As published in The Santa Fe New Mexican
Nov. 21, 2004

State Senate Democrats on Saturday chose Sen. Michael Sanchez of Belen to be their majority floor leader.

Also during a party caucus in Albuquerque, the Democrat lawmakers endorsed Sen. Ben Altamirano of Silver City to be the new president pro tem of the Senate. While this gives Altamirano‘s chances a good boost, the president pro-tem is voted on by the full Senate -- not just Democrats -- in January.

The two top positions in the Senate opened up following the resignation of prior Majority Leader Manny Aragon and the decision of current president pro tem Richard Romero to not seek re-election.

Sanchez, a lawyer by profession, has been the chairman of the Senate Judiciary Committee for several years.

He is the brother of Raymond Sanchez, who was speaker of the House for 16 years until he was defeated for re-election in 2000.

In a secret ballot Michael Sanchez defeated several candidates vying for the job, which had belonged to Sen. Manny Aragon. Aragon resigned from the Senate this year after being named president of New Mexico Highlands University.

Sanchez said he's "excited that the caucus is together." He said he spoke with the two senators who ran for the majority leader post -- Phil Griego of San Jose and Carlos Cisneros of Taos -- and all agreed to work together.

"I'll be working with the governor and every legislator," Sanchez said. "I believe this is a new beginning in the Senate."

Contracted after the vote, Griego said he wasn’t upset.

“I’m still a senator,” he said. “I still have a voice and a responsibility to my constituents.”

Griego had campaigned aggressively for the position for several months. One of his selling points was what he called his “access to the Fourth floor” -- in other words his good working relationship with Gov. Bill Richardson.

Richardson has stayed officially neutral in the leadership contests. But some senators believe that Altamirano and Griego were Richardson’s preferred candidates for the posts.

Altamirano, who has been in the Senate since 1971, is the senator with the most seniority. He has served as chairman of the Senate Finance Committee for several years.

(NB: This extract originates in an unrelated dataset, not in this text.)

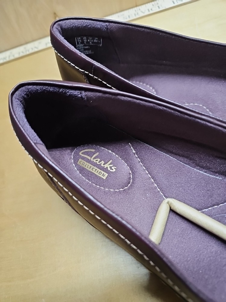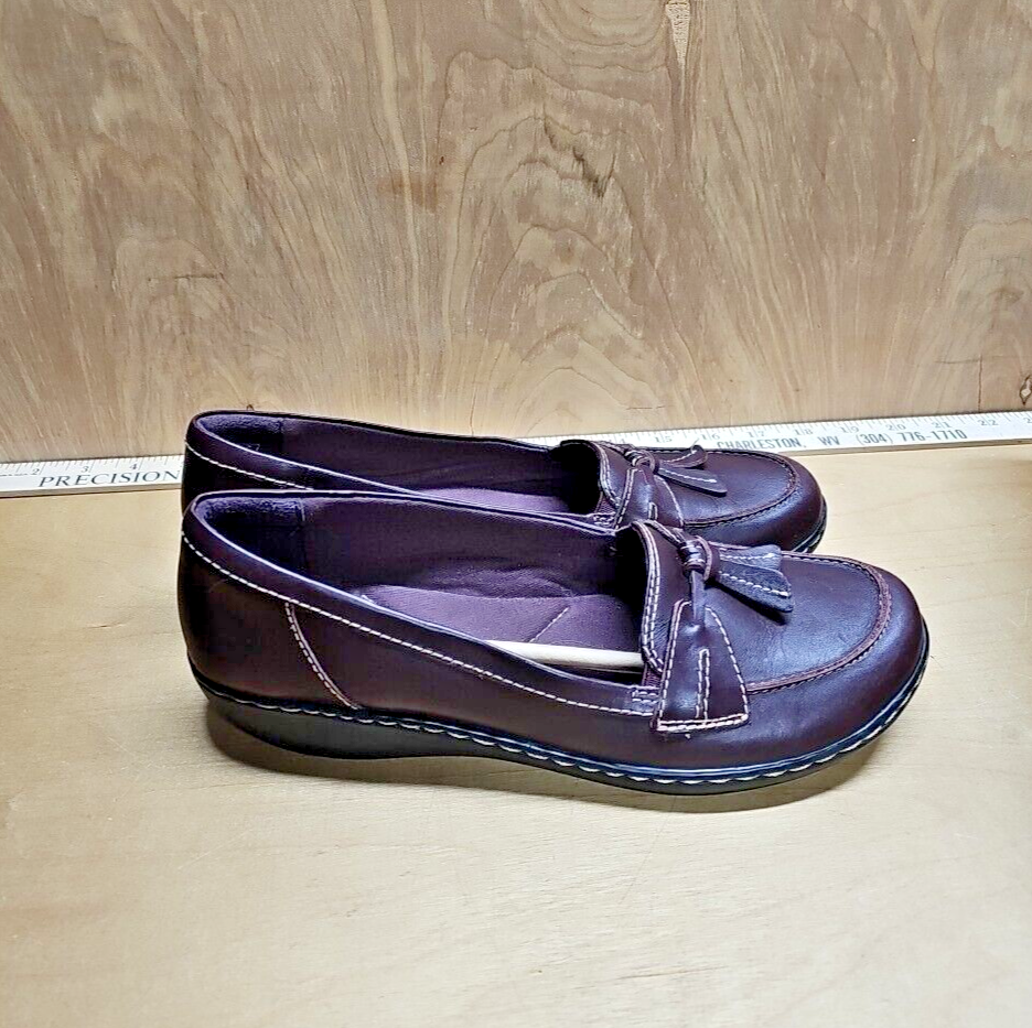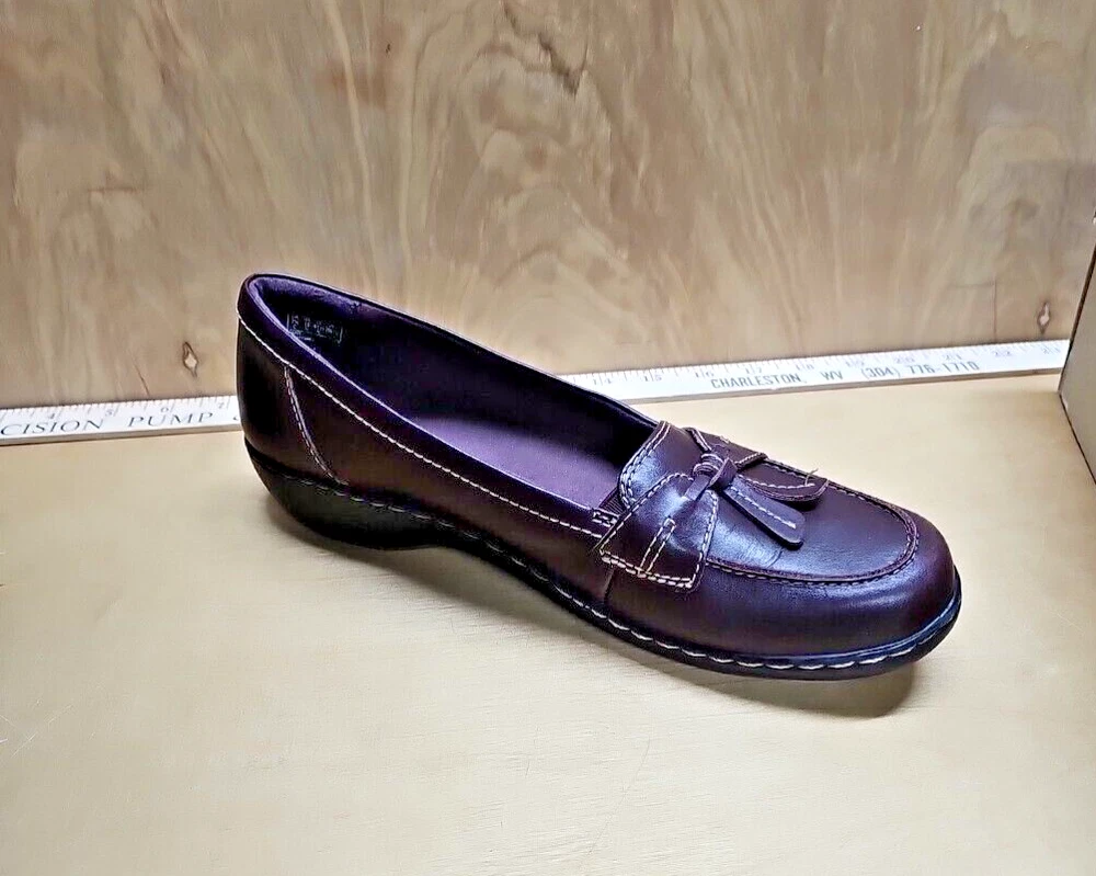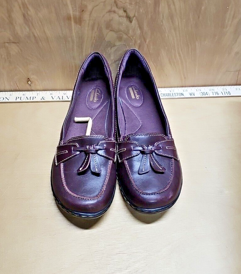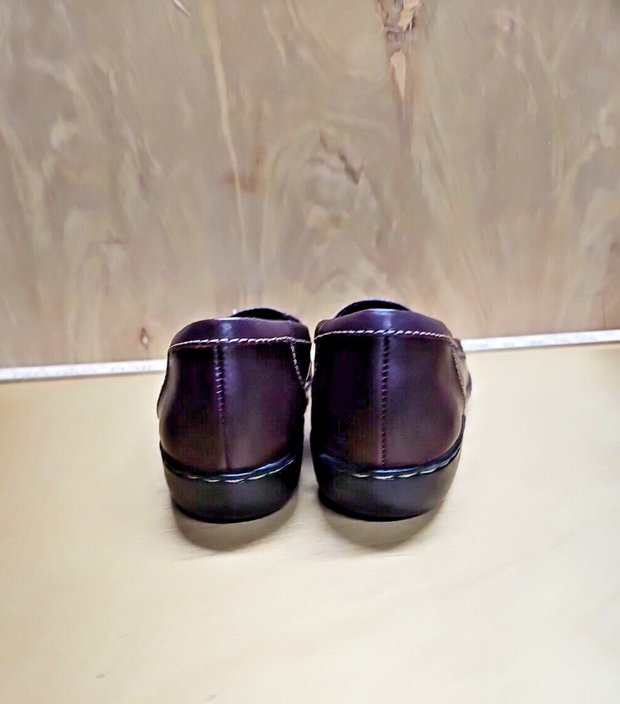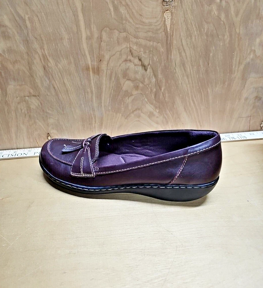 Elevate your shoe game with these stylish Clarks Ashland Bubble women's slip-on leather loafers. The rich burgundy color and solid pattern make them suitable for both casual and business occasions. These loafers feature a closed toe, slip-on closure, and comfortable rubber outsole perfect for walking. Crafted from high-quality leather with a cushioned and breathable foam insole, these shoes provide both style and comfort. The Clarks Ashland Bubble loafers come in UK size 8, US size 10, and EU size 40-41. With their timeless design and durable construction, they are the perfect addition to any shoe collection.

Republican Joe Carraro of Albuquerque also is running for the pro tem job. Democrats outnumber Republicans 24-18 in the Senate, though Carraro claims he can convince enough Democrats to vote for him to win.

Sanchez, however, said he believes Democrats will unite behind Altamirano. "I believe our caucus will name the next president pro tem, he said.

Two other Democrats were seeking the pro tem post, including Senators Tim Jennings of Roswell and Dede Feldman of Albuquerque.

The Democratic senators agreed not to disclose the vote count in any of the races a senator, who asked not to be identified said.

In another leadership race, two Democrats tied for the position of majority whip. These were Senators Linda Lopez of Albuquerque and Mary Jane Garcia of Dona Ana, who currently holds that position.

Senate Democrats will hold another caucus meeting Monday to vote again for whip. Sanchez said one possibility would be to have "co-whips."

Sen. Lidio Rainaldi of Gallup was elected caucus leader.

Senate Republicans are scheduled to meet today though neither Minority Floor Leader Stuart Ingle of Portales or Minority Whip Leonard Lee Rawson of Las Cruces are expected to have any challengers.

House Democrats and Republicans will both caucus on Monday, Both Majority Leader Danice Picraux, D-Albuquerque and Minority Floor Leader Ted Hobbs, R-Albuquerque, have challengers.